Letters to the Editor
SEPTEMBER 22, 1997:
To the Editor:
Your editorial of September 4th, "The Passing of a Princess" was a bit too flippant and simplistic to go unrefuted. The bottom line in your assertion is that Princess Di was asking for it. Why legitimate journalists so eagerly defend the paparazzi is something I do not understand.
These "freelance photographers" are nothing more than extortionists. Their pursuit often goes well beyond the limitations of public places as their long-range lenses peer tirelessly over fences and through windows.
Their targets are not merely those who choose a public life, but the families of those who excel in the arts, the political arena, and sports, as well as non-celebrities unwittingly caught in the news loop because of a tragedy.
After living in Los Angeles for nine years, I have seen firsthand the mayhem that they create. Their reckless pursuit endangers not only the person in their camera's eye, but the public as well.
Citing public demand for tabloid journalism as rationale for this free-for-all is flawed logic. There is a demand for crack dealers as well, but we do not legalize their services. One hundred years ago the public payed to attend sideshows featuring children with genetic disorders. People by nature have a peculiar sense of curiosity. If our society is to remain civilized, we cannot look to the lowest common denominator for our social and legal parameters.

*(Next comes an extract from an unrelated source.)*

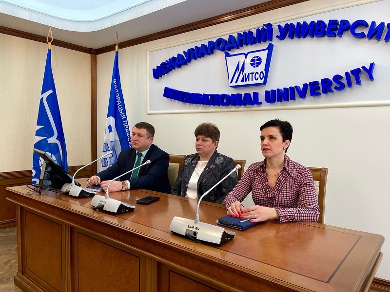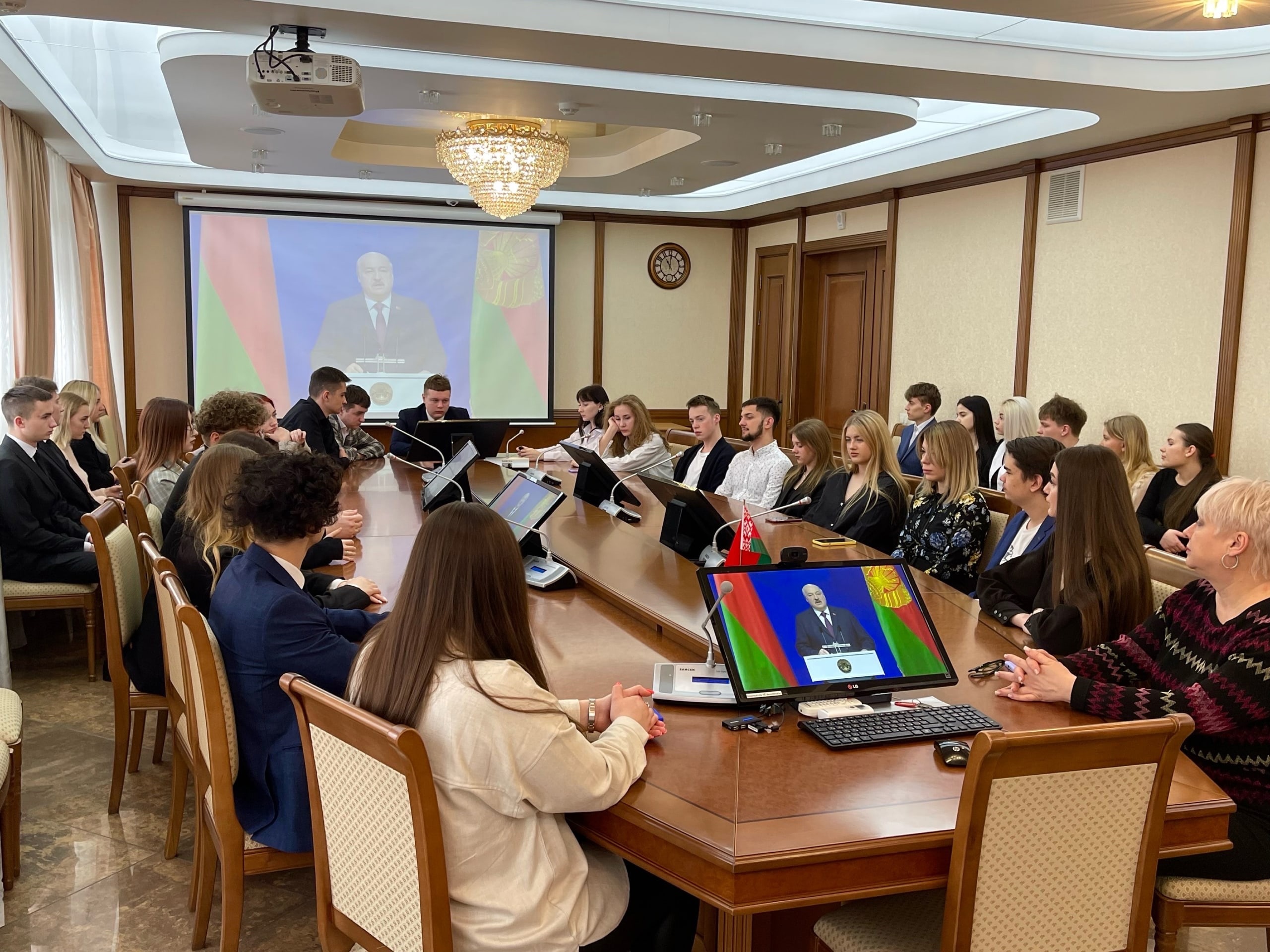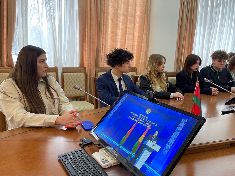 Студенты, преподаватели и сотрудники Международного университета «МИТСО», во главе с проректором по воспитательной работе Еленой Вацлавовной Карпинской-Сакович, внимательно слушают послание Президента Республики Беларусь белорусскому народу и Национальному собранию.

My hairdresser and realtor must hold a license and be brokered to work. Why not require licensing and brokering of these "freelancers" as well? Freedom without accountability is not freedom for all.
Caroline Zarlengo Sposto
Your editorial about Princess Diana's death disgusts me. While her driver is partly to blame for the accident because he was drinking on the job, the "journalists" attempting to photograph the princess are equally to blame. Maybe the driver would not have crashed if he had been completely sober, but he would never have been driving so fast if the princess and her entourage were not being chased by several reckless and irresponsible photographers. The actions of these maniacs on motorcycles directly caused the deaths of three people, and they should be held accountable, for moving violations and for involuntary manslaughter. (I would say that the driver should also be held accountable, but unfortunately he is dead.)
To say that what happened is Diana's fault because she chose a life in the public eye is more than just complacent; it is smug and arrogant, and an attitude all too typical of journalists. Why do you think that you, or any other journalist, have the right to harass people and destroy their privacy? "They chose a public life" doesn't give you that right. "It is legal to photograph people" doesn't give you that right. You can't forgive the photographers who chased Diana and countless other celebrities with a lame excuse like "[they] were merely servants of a sort, fulfilling her needs." They didn't fulfill her needs; they killed her.
You can say that there is no privacy in a public place (it isn't true), but that does not excuse journalists from having common courtesy, or respect for others, or the decency and dignity required in our civilization.
To the Editor:
Thank you, very much, for Bruce VanWyngarden's stunningly perceptive Viewpoint on "The Royal Mini-Series" [September 11th issue]. Nothing has so pointedly underscored the sadness and irrelevance of contemporary news reporting as the media frenzy over Diana's death. One can understand the coverage of O.J.'s trial. It was, after all, a tabloid story to begin with. But there would have been only one tribute appropriate for the media to give Diana -- silence.
To the Editor:
Bruce VanWyngarden's Viewpoint column "The Royal Mini-Series" is a cynical, mean-spirited, uncalled for take on the media coverage of Princess Diana's death and funeral.
Granted, the media coverage of Diana was and is unprecedented, but then again Diana's hold over the world's consciousness has never been equaled. In this sense the media helped to create the image of Diana, but her true essence of compassion and goodness came through the television camera and news pictures touching people's hearts. After her untimely death, this massive outpouring of grief we have seen demonstrated the enormous impact she had on the world.
It is too easy for the world's cynics to dismiss the extraordinary showing of genuine human emotion and feelings about Princess Diana's death as mass hysteria, or worse, mass delusion. Cynics cannot comprehend that people felt a real human connection with Diana, a woman most people never actually met, but their empathy and trust of her is what makes their expression of sorrow so genuine and heartfelt. Princess Diana's tragic death and emotional funeral were stories of such magnitude that the world's news organizations struggled to cover them with the sensitivity and completeness they deserved.
Correction: The monthly subscription price of The Commercial Appeal is $17.50. An incorrect figured was reported last week in a City Reporter story.